# differing notions of the degree of a smooth projective plane curve

[Everything here will be over $\mathbb{C}$]

Hello, one definition of a smooth projective plane curve $X$ is, for $X \subset \mathbb{P}^{2}$.. $deg(X) =$ maximum number of intersection points (without multiplicity) of any hyperplane in $\mathbb{P}^{2}$.

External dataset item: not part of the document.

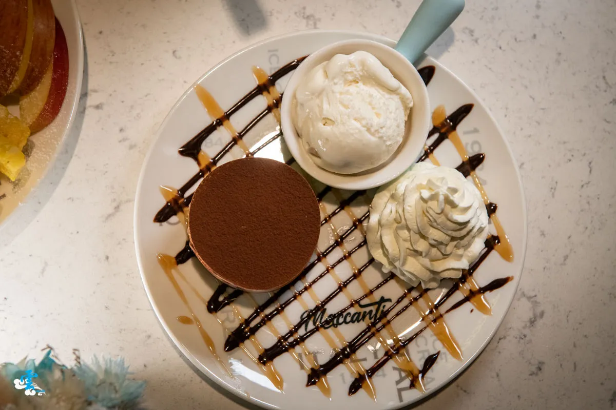 店員表示,舒芙蕾是從蛋開始現場製作,所以通常會需要一些等待的時間。蓬鬆的舒芙蕾很軟,彷彿會呼吸一般,超綿密的口感,馥郁的蛋香搭配淡淡的奶味,加上彷若入口即化的錯覺,給人超滿足的調和感。芒果冰淇淋帶著自然的甜味,入口黏稠又綿密,滑順完美的演繹令人滿意的下午茶甜點。

When my smooth plane curve is defined by the zeros of a irreducible degree $d$ homogeneous polynomial, what is a good way to see that these two notions of degree agree?

Thanks!

Elliot

• Let $L$ be a line in $\mathbf P^2$. Restricting the homogeneous degree $d$ polynomial to $L$ gives a homogeneous degree $d$ polynomial in two variables. If this is not identically zero (which it won't be as long as $d \neq 1)$, it has exactly $d$ zeroes counted with multiplicity. You want to see that for some choice of line, you get $d$ zeroes without multiplicity: for this you need to write the condition that the restricted form has a multiple zero in terms of the coefficients of your linear form. This means calculating some resultant. You will see that the vanishing of the resultant... Commented Nov 5, 2015 at 15:05
• ...is a nontrivial algebraic relation between the coefficients of your linear form. Choosing any line whose defining form does not satisfy that relation, you get a line that intersects your curve in precisely $d$ points. Commented Nov 5, 2015 at 15:05

These two notions are equivalent due to Bézout's theorem. A general hyperplane has degree 1 in $\mathbb{P}^2$. Then the intersection number of your curve and a general hyperplane is $deg(curve)\times deg(hyperplane)=d\times 1=d$ by Bézout's theorem.